Thanks. I long ago tried all the above suggestions. None of these gets at the problem.
My original post description of the problem included a truncated sample of the type of email hyperlink that fails to open, but I guess links not allowed in this message board, so it was removed.
Instead, I'll try to describe more exactly what is not working.
Like everyone these days, I have subscribed to several services which are based on a website with numerous articles/pages, but which send auto-generated emails with article summaries and embedded hyperlinks.
These links typically have the original domain-name URL prefixed with something like "email-st." and appended with "/click/" followed by a several hundred character long string of random-like characters, which are undoubtedly hashed data that the website uses to track which subscriber clicks on which link.

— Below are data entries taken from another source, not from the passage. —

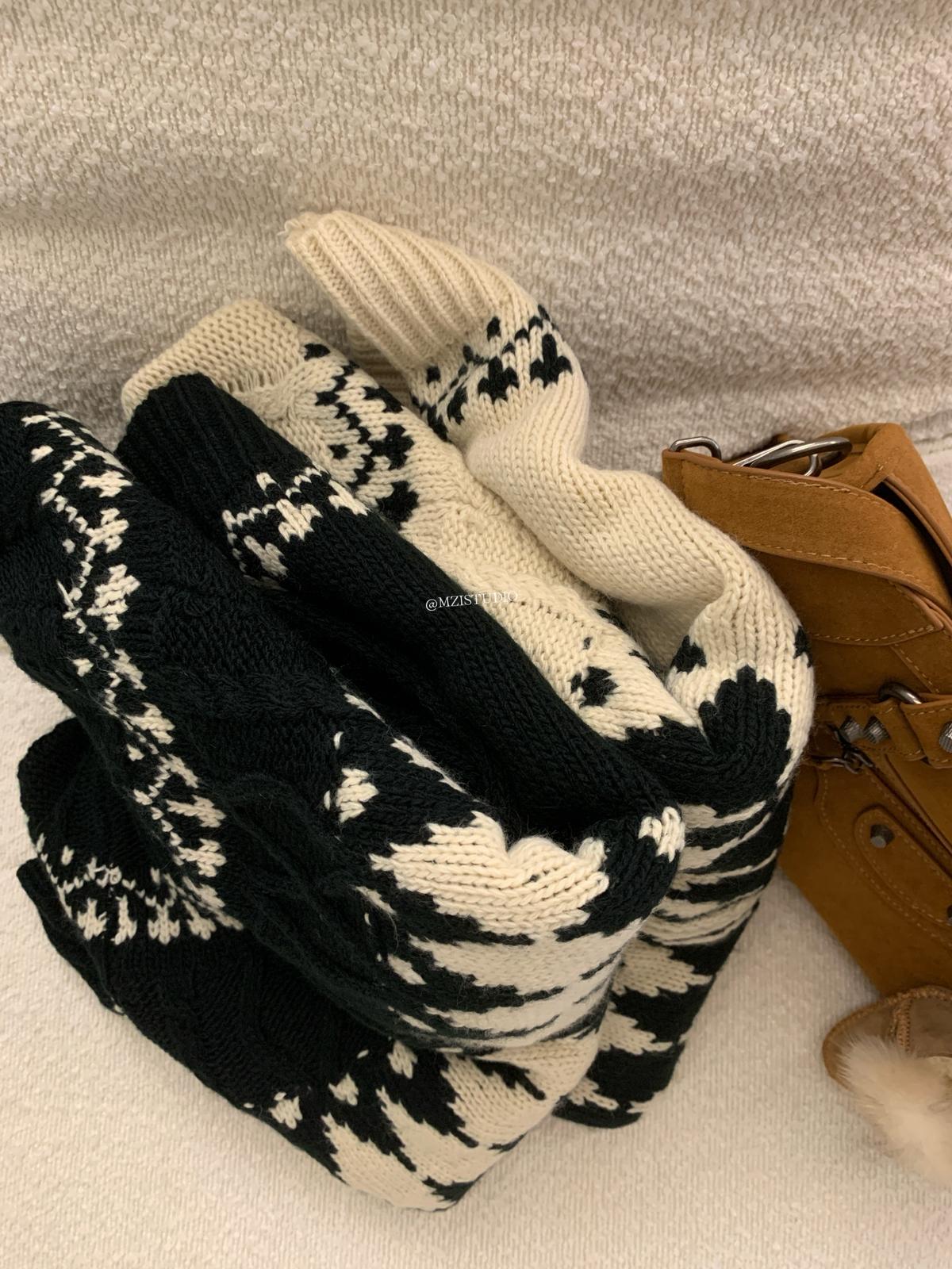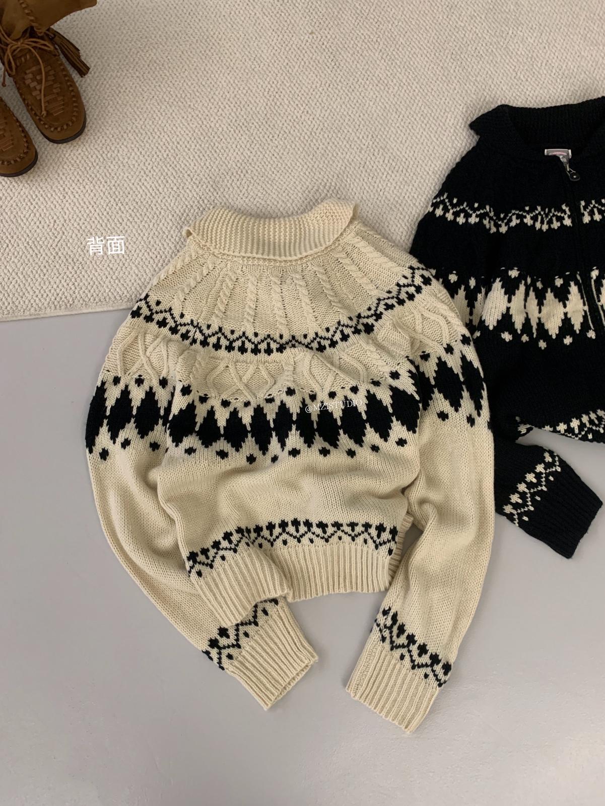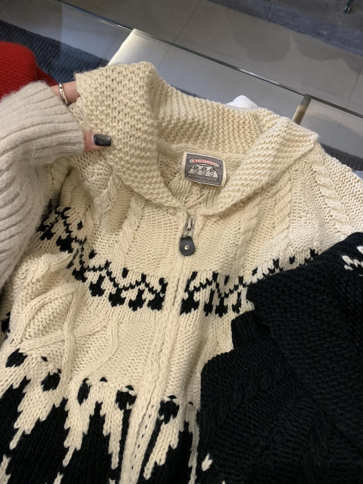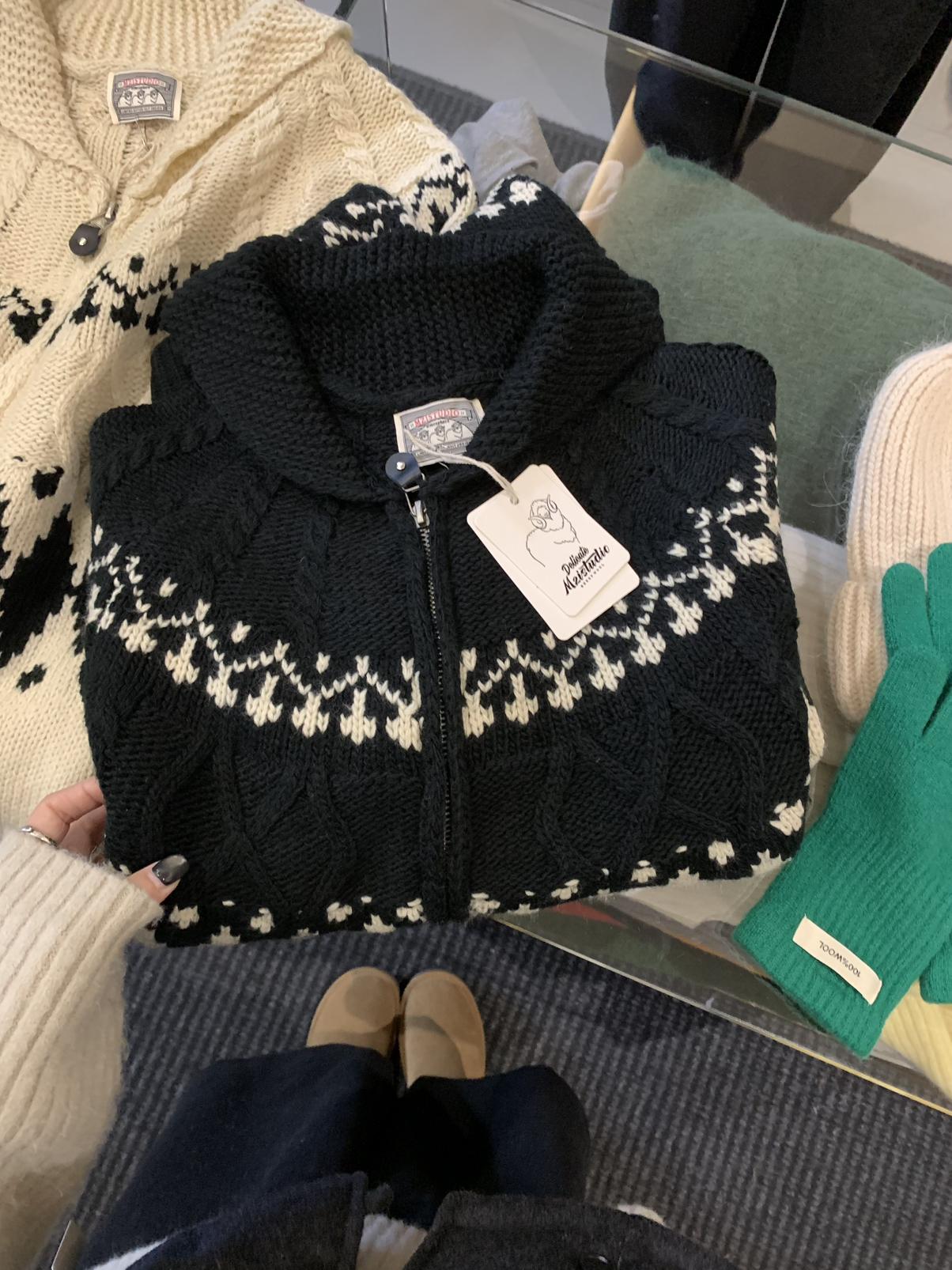 【C7683】冬日氛圍費爾島提花復古情懷翻領拉鍊外套保暖毛衣
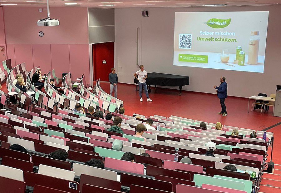 The two alumni of the University of Wuppertal gave an exciting presentation on the history of Fairmischt. The company has set itself the goal of making the consumption of plant-based milk more sustainable. By reducing transport routes and packaging waste, Fairmischt makes an important contribution to environmental protection. In addition to the product development of a delicious oat drink, the creation of a brand that communicates quickly was at the centre of the young start-up's first major marketing challenge.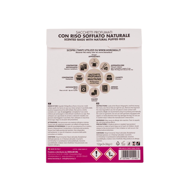 Horomia geurzakjes Petali di Peonia bevatten natuurlijke gepofte rijst en verspreiden tot 12 weken een romantische geur van bloemige noten en pioenroos. Geschikt voor kledingkasten, lades, wasdroger, stofzuiger, auto en vacuümzakken.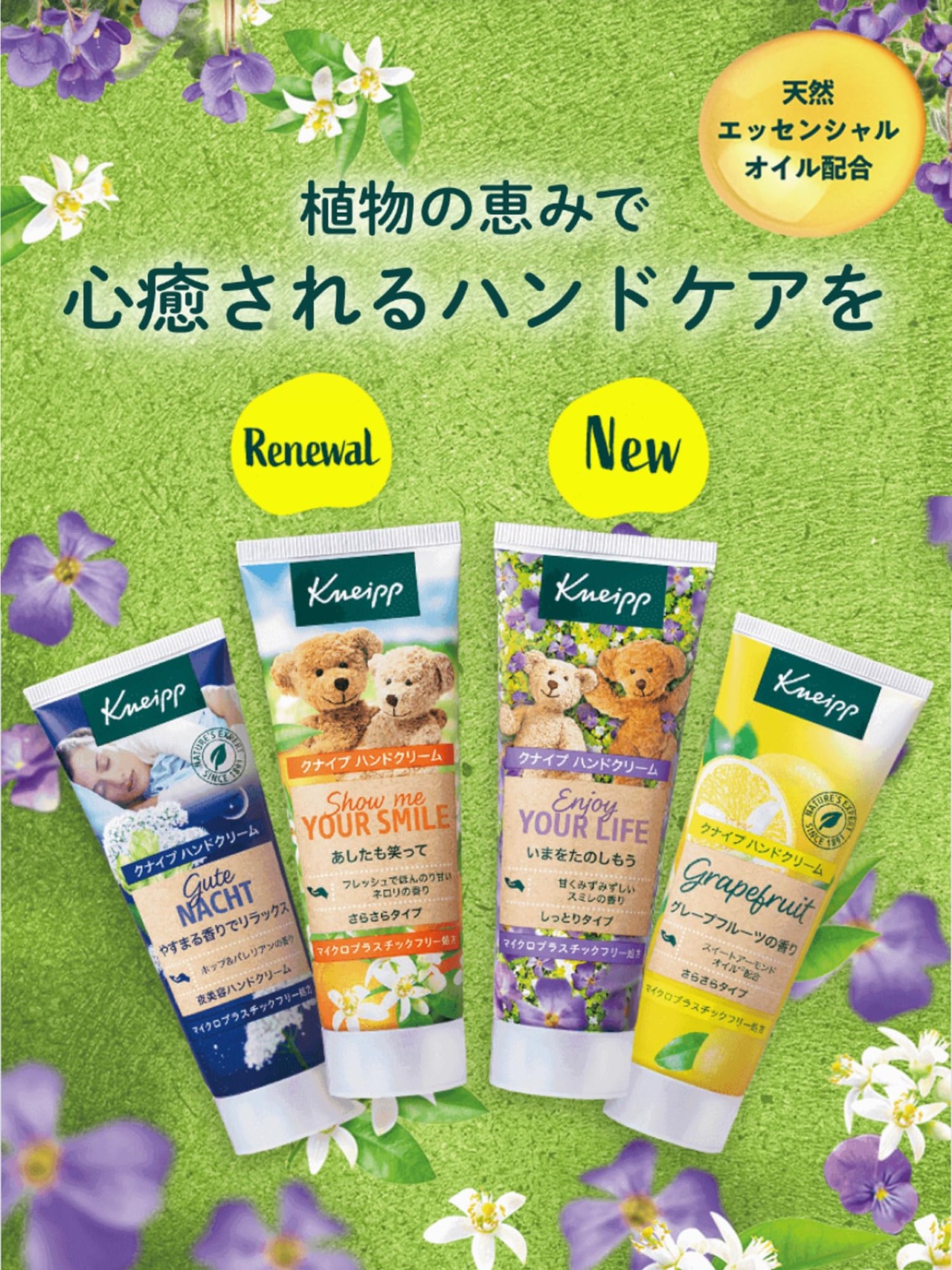 ● 晴れやかな気分になるようなフレッシュで甘いネロリの香り、のびが良くべたつかない潤い肌へ。晴れやかな気分にしてくれるような、フレッシュで甘いネロリの香り。メッセージ付きのかわいいパッケージでギフトにも適していますです。『Show me your smile/ あしたも笑って』天然美容保湿成分(アーモンドオイル、ダイズオイル)を配合。角層まで浸透し、みずみずしく潤った手肌へ。しっとり潤うのにさらりと伸びてべたつかない、さらさらタイプのハンドクリームです。環境に配慮したマイクロプラスチックフリー処方。● 使用上の注意肌に異常が生じていないかよく注意して使用し、肌に合わないとき(赤味、はれ、かゆみ、刺激、色抜け、(白斑)や黒ずみ等が使用中または使用後に直射日光にあたって現れた場合)継続使用すると症状を悪化させることがあるので使用を中止し、皮膚科専門医に相談ください。傷やはれもの、しっしん等、異常のある部位にはお使いにならないでください。● 原材料・成分水、グリセリン、アーモンド油、ミリスチン酸イソプロピル、セテアリルアルコール、酢酸トコフェロール、ジスターチリン酸Na、クエン酸ステアリン酸グリセリル、トリ(カプリル酸/カプリン酸)グリセリル、ビターオレンジ花油、ヒマワリ種子ロウ、ダイズ油、オレンジ果皮油、レモン果皮油、ジプテリクスオドラタ種子エキス、パンテノール、アルギニン、パルミチン酸アスコルビル、トコフェロール、カラギーナン、カプリル酸グリセリル、p―アニス酸、キサンタンガム、カプリリルグリコール、香料● 使用方法適量を手にとり、やさしくなじませてください。● ご注意(免責)>必ずお読みくださいお肌に異常が生じていないかよく注意して使用してください。お肌に合わないときは、ご使用をおやめください。メーカーの都合等により、商品規格・仕様(容量、パッケージ、原材料、原産国など)が変更される場合がございます。このため、実際にお届けする商品とサイト上の商品情報の表記が異なる場合がございますので、ご使用前には必ずお届けした商品の商品ラベルや注意書きをご確認ください。さらに詳細な商品情報が必要な場合は、メーカー等にお問い合わせください。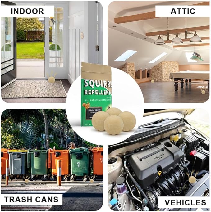 • Ready to Use: Simply place or hang the squirrel repellent in areas prone to squirrel activity.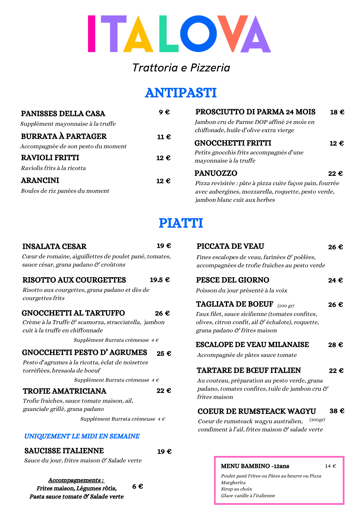 Chez ITALOVA, nous vous proposons des plats de saison préparés à partir de produits frais. Nous avons à cœur de travailler avec des fournisseurs et des producteurs locaux pour garantir la qualité de nos plats. C’est pourquoi, nous élaborons un menu à l’ardoise qui évolue chaque semaine.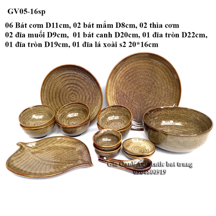 Sản phẩm bộ đồ ăn gấm vàng hỏa biến sản xuất tại xưởng gốm sứ Gia Oanh Authentic Bat trang bao gồm nhiều phân loại phù hợp cho quý khách hàng lựa chọn, gồm bát ăn cơm, thìa cơm chén mắm, đĩa muối, đĩa ăn tròn các kích thước khách nhau từ d15-d30cm, đĩa lá xoài, đĩa lá bỏng, khay nan, đĩa vuông, bát tô, âu cơm....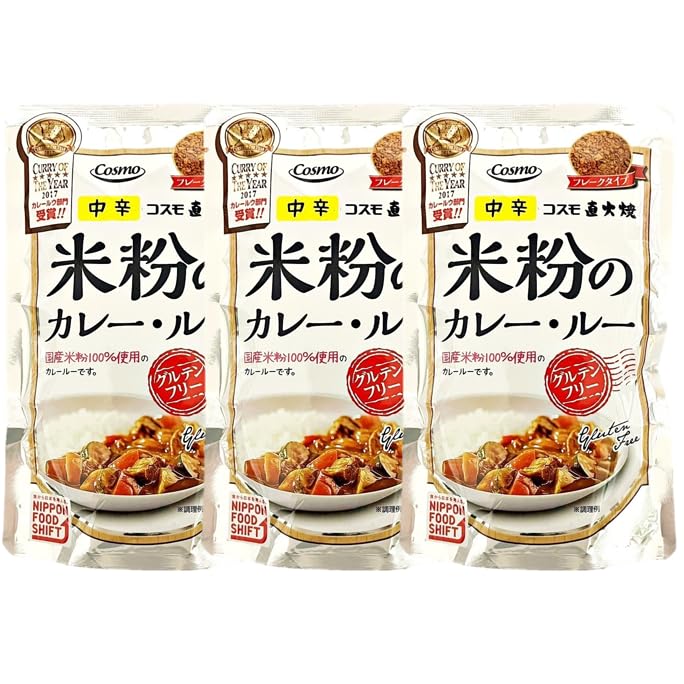 グルテンフリーで美味しくヘルシーな、国産米粉100%使用のカレールーです。「直火焼製法」で焼き上げた、使いやすいフレークタイプです。 ◎CURRY OF THE YEAR 2017 カレールウ部門 受賞◎国産米粉100%使用のカレールーです。フレークタイプ◎小麦粉不使用。国産米粉を使いグルテンフリーで仕上げました。まろやかでコクのあるカレールーです。【商品詳細】■名称:カレールー(中辛)■原材料名:食用油脂(国内製造)、米粉、ひよこ豆粉、カレー粉、食塩、トマトペースト、砂糖、チャツネ、酵母エキス、発酵乳、肉エキス、りんごピューレ、おろし玉ねぎ、カレーペースト、おろしにんにく、(一部に乳成分・豚肉・りんご・鶏肉を含む)■内容量:110g■賞味期間:1年■保存方法:直射日光を避け、高温にならない所で保存してください。■製造者:コスモ食品株式会社*本品は「グルテンフリー」を目的としており、小麦アレルギーの方に対応するものではありません。*この商品はカレールーです。レトルト品ではありません。*本品の中にはルーだけで乾燥剤等は入っておりません。*開封後は冷蔵庫で保存し、お早めにご使用ください。【おいしいカレーの作り方】●材料(4〜5皿分)・肉…200g・玉ねぎ…中1個(200g)・にんじん…中1本(150g)・サラダ油…適量・水…500ml(カップ2杯半)・本品…1袋(110g)●作り方(1)鍋にサラダ油を熱し、ひと口大に切った肉、薄くスライスしたにんじんをよく炒めます。(2)フライパンにサラダ油を熱し、薄くスライスした玉ねぎをあめ色になるまでよく炒め、鍋に移します。(3)鍋に水を加えて、アクを取りながら中火で約20分煮込みます。いったん火を止めて本品1袋を加えトロミがつくまで煮込んでください。【栄養成分表示】(1袋110g当たり)・エネルギー:542kcal・たんぱく質:8.7g・脂質:38.0g・炭水化物:41.4g・食塩相当量:9.8g(推定値)*画像はイメージです。実際にお届けする商品とパッケージ等が異なる場合がございますが基本的に中味の変更はございません。中味の変更のある商品については、商品情報を訂正して販売を行っております。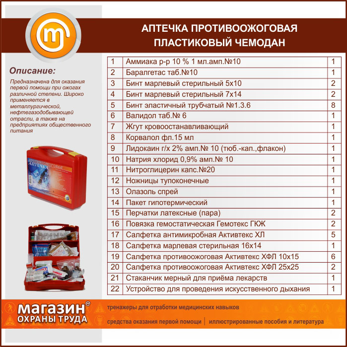 Противоожоговые аптечки в виде сумки либо пластикового чемодана предназначены для оказания первой помощи при ожогах различной степени. Широко применяется в металлургической, нефтегазодобывающей отрасли, а также на предприятиях общественного питания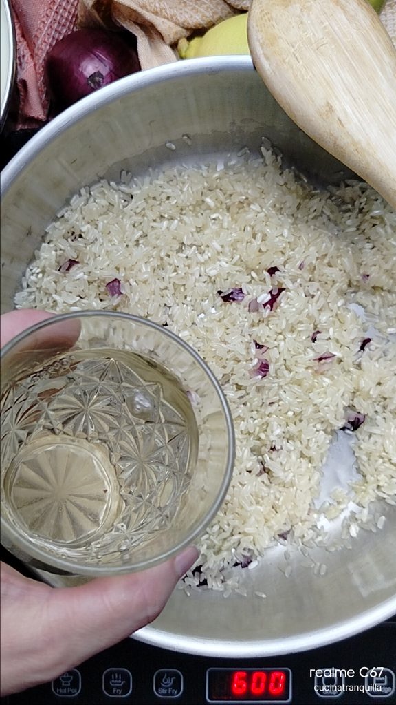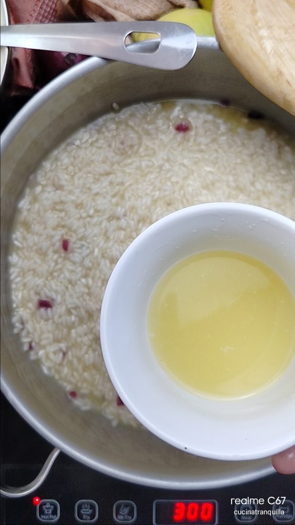 Wenn der Alkohol verdampft ist, fügen Sie nach und nach eine großzügige Kelle heiße Brühe hinzu, wobei Sie die nächste hinzufügen, wenn die vorherige absorbiert wurde. Dies, um zu vermeiden, dass der Reis verwässert wird.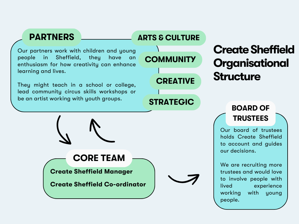 We also access funding from major cultural organisations, such as Sheffield Museums Trust, Sheffield Theatres and Sheffield Music Hub.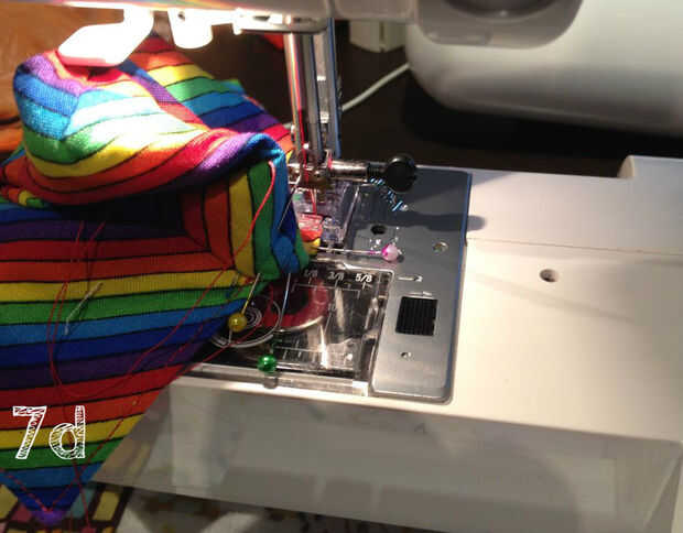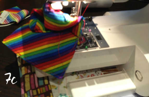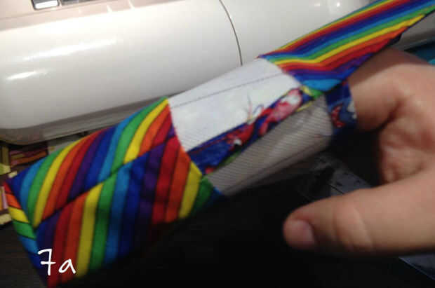 Ahora viene la parte difícil. Necesita coser en la parte superior de la bolsa exterior para garantizar ambos juntos (7C y 7D). Debido a la interfaz ultra firme esto es mucho esfuerzo, y usted tendrá que aplastar la bolsa algo para que funcione. No te preocupes si todo parece ir muy mal, que luego se puede presionar la bolsa.

These subscription email links from most websites work reliably on my Mac, but one or two consistently do not. In cases where these links do not work, I always get the Safari error "Safari cannot connect to the server", followed by the full link, including prefix and long tag. This is regardless of what network I am on, home or elsewhere, and regardless of what DNS provider is being used. Also, when this error occurs I can always manually remove the "email-st." prefix and the long tag, and reach the main index page of the site, then find my way to the intended page.
Note that the 1-2 services that consistently give me this problem are not obscure, sloppily coded websites, they are large major websites, using, presumably, well-established third-party email subscription service providers. In terminal, if I run a "dig" or "host" command with the problematic email link URL, I can see that it is a proxy for redirect to the 3rd party tracking service provider's server.
Clearly, the problem is that Safari is somehow blocking the redirected link, but I can't figure out why. I have tried every permutation of every Safari setting and every browser extension.
Grateful if anyone can offer a clue on where to look to find the cause/solution to this.